Of quadrupeds no longer found in Concord, he names the lion, — that Cape Ann Lion “which some affirm that they have seen,” which may have been a cougar, for he adds, “Plimouth men have traded for Lions skins in former times,” — bear, moose, deer, porcupines, “the grim-fac’d Ounce, and rav’nous howling Wolf,” and beaver. Martens.

For moose and deer see Indian book.

Complains of the wolf as the great devourer of bear, moose, and deer, which kept them from multiplying more.

For porcupine and raccoon vide Indian book.

Gray squirrels were evidently more numerous than now.

I do not know whether his ounce or wild cat is the Canada lynx or wolverine. He calls it wild cat and does not describe the little wildcat. (Vide Indian book.) Says they are accounted “very good meat. Their skins be a very deep kind of fur, spotted white and black on the belly.” Audubon and Bachman make the Lynx rufusblack and white beneath.

Says the beaver are so cunning the English “seldom or never kill any of them, being not patient to lay a long siege” and not having experience.

Eagles are probably less common; pigeons of course (vide Indian book); heath cocks all gone (price “four pence”); and turkeys (good cock, “four shillings”).
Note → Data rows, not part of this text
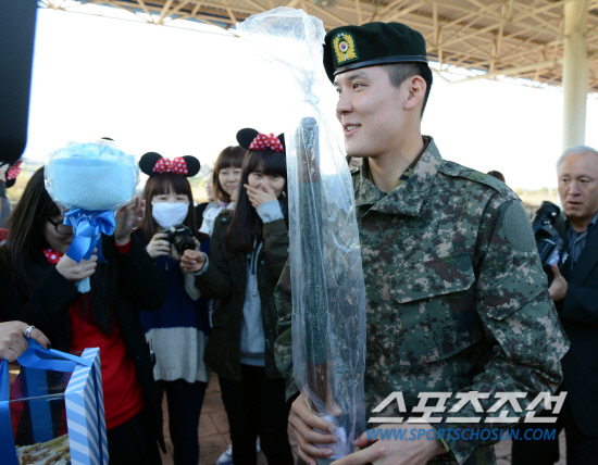 '마린보이' 박태환이 31일 논산 훈련소에서 4주간의 군사훈련을 무사히 마치고 퇴소했다. 박태환이 디시인사이드 박태환 갤러리 팬들이 준비한 선물을 받고 있다. 논산=전준엽 기자 noodle@sportschosun.com
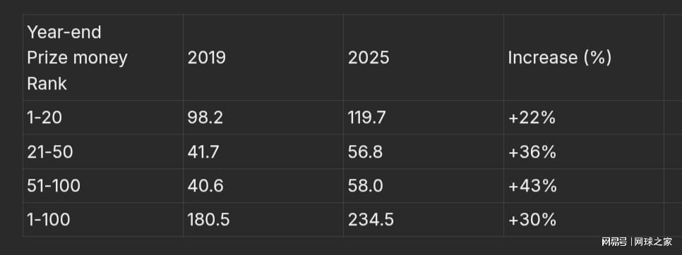 对排名较低的球员而言,情况则有所不同。排名21至50位的球员收入增长了36%;排名51至100位的球员增长了43%。这些群体的收入增幅跑赢了通胀,2025年的收入高于六年前。
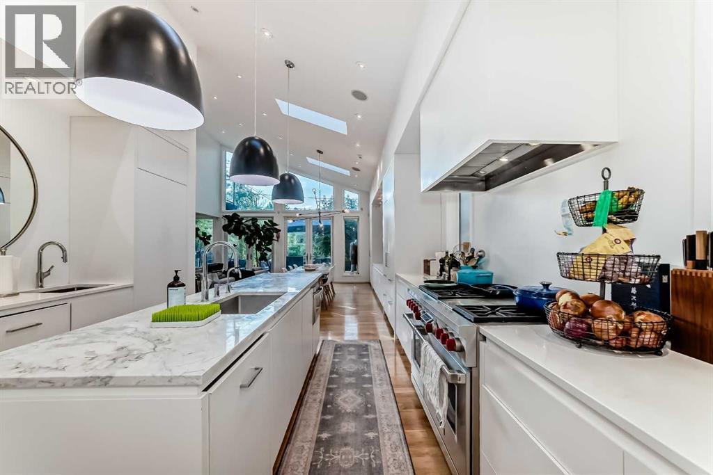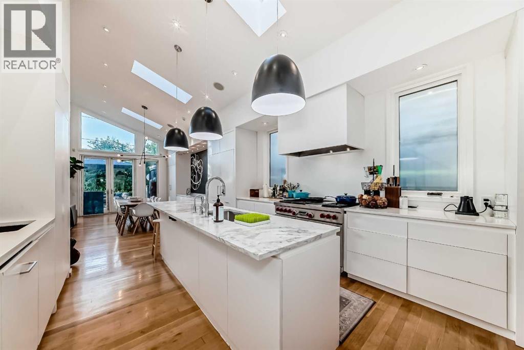 Welcome to Elbow Park! Nestled along the banks of the Elbow River and located on the prestigious Riverdale Avenue—one of Calgary’s most desirable streets—this stunning 3,795 sq ft home offers breathtaking river views, exceptional design, and the ideal spaces your family has been dreaming of.Designed with openness and elegance in mind, the home features soaring vaulted ceilings, floor-to-ceiling windows, and two cozy fireplaces that enhance the inviting atmosphere. The open-concept main level boasts a bright living room, a quiet home office, a formal dining room, and a spacious family room. The gourmet kitchen is a chef’s dream with granite countertops, a breakfast nook, and a casual eating area.Upstairs, the luxurious primary suite overlooks the river and includes a private retreat, two generous walk-in closets, and a spa-like 6-piece ensuite. Two additional bedrooms share a 4-piece bathroom, and a bright loft area offers views over the family room below.The fully developed lower level includes a media/family room, two more bedrooms, an exercise room, and a 3-piece bathroom. Step outside to enjoy the peaceful setting featuring river views, a large concrete patio, and a professionally landscaped yard perfect for relaxation and entertaining. (id:6769
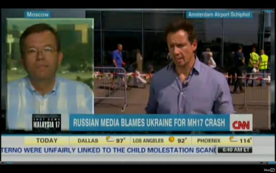 В рамках освещения катастрофы малайзийского Boeing 777 на Украине американские СМИ в целом заняли изначально обвинительную позицию в отношении России. Так, в ночь на 23 июля по московскому времени в эфир американской телекомпании CNN вышел материал о брифинге представителей американской разведки, которые представили некоторые имеющиеся у них данные относительно крушения самолёта Boeing 777 на территории Украины. Предваряя этот сюжет, журналисты выдвинули обвинения в организации катастрофы в адрес России, но никаких подтверждений со стороны разведчиков не последовало.
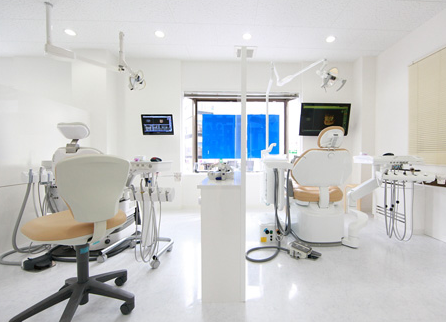 院内は、最新式の診療台、診療器具、設備を完備。レントゲンも備えているため、きめ細かい治療が可能です。全ての診療台が半個室となっており、プライバシーに配慮した落ち着きのある空間で治療を受けられます。
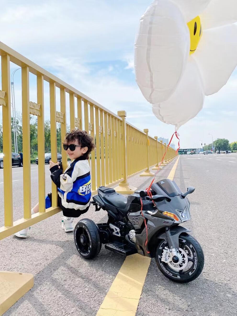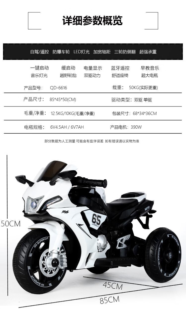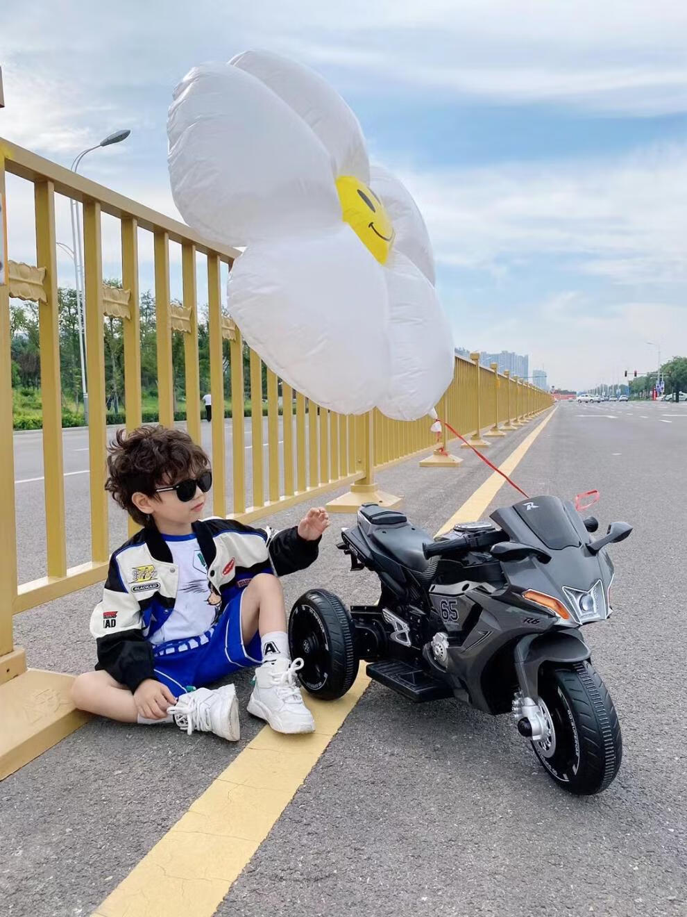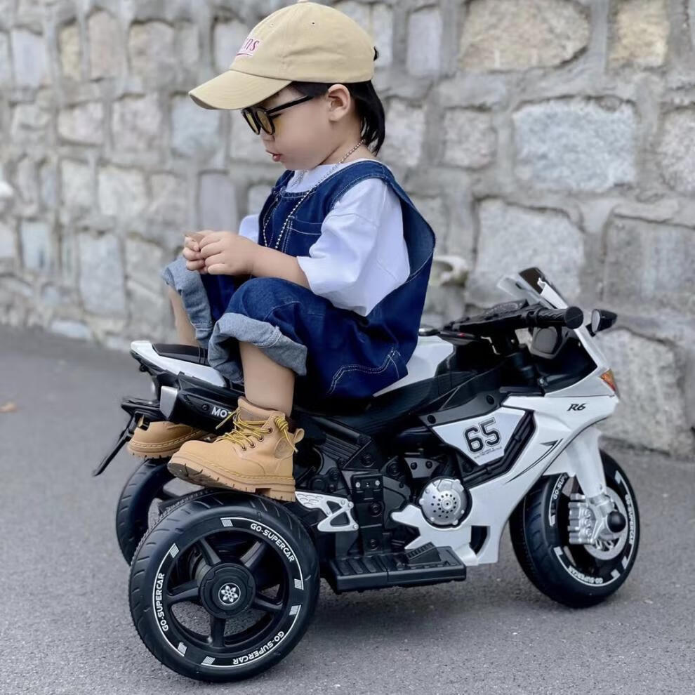 Dianmai can sit on people 1-5 years old, charging remote control children's electric motorcycle tricycle for boys and girls, toy car, high-grade gray - small battery - single drive - music and lighting
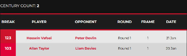 另外,在第2日的比赛中,还是有人轰出了单杆破百:伊朗选手侯赛因-瓦菲在对阵利彼得-德夫林的比赛中,轰出了1杆单杆123分,以124(123)-7获胜。这也是本次比赛到目前为止的单杆最高分。

Probably more owls then, and cormorants, etc., etc., sea-fowl generally (of humilities he “killed twelve score at two shots”), and swans. Of the crane, “almost as tall as a man,” probably blue heron, — possibly the whooping crane or else the sandhill, — he says, “I have seen many of these fowls, yet did I never see one that was fat, though very sleaky;” neither did I. “There be likewise many Swans, which frequent the fresh ponds and rivers, seldom consorting themselves with ducks and geese; these be very good meat, the price of one is six shillings.” Think of that!

Sturgeon were taken at Cape Cod and in the Merrimack especially, “pickled and brought to England, some of these be 12, 14, and 18 feet long.” An abundance of salmon, shad, and bass, — “The stately Bass old Neptune’s fleeting post, That tides it out and in from sea to coast;” “one of the best fish in the country,” taken “sometimes two or three thousand at a set,” “some four foot long,” left on the sand behind the seine; sometimes used for manure. “Alewives...in the latter end of April come up to the fresh rivers to spawn, in such multitudes as is almost incredible, pressing up in such shallow waters as will scarce permit them to swim, having likewise such longing desire after the fresh water ponds, that no beatings with poles, or forcive agitations by other devices, will cause them to return to the sea, till they have cast their spawn.”

“The Oysters be great ones in form of a shoe-horn, some be a foot long; these breed on certain banks that are bare every spring tide. This fish without the shell is so big, that it must admit of a division before you can well get it into your mouth.” For lobsters, “their plenty makes them little esteemed and seldom eaten.” Speaks of “a great oyster bank” in the middle of Back Bay, just off the true mouth of the Charles, and of another in the Mistick. These obstructed the navigation of both rivers.Vide book of facts.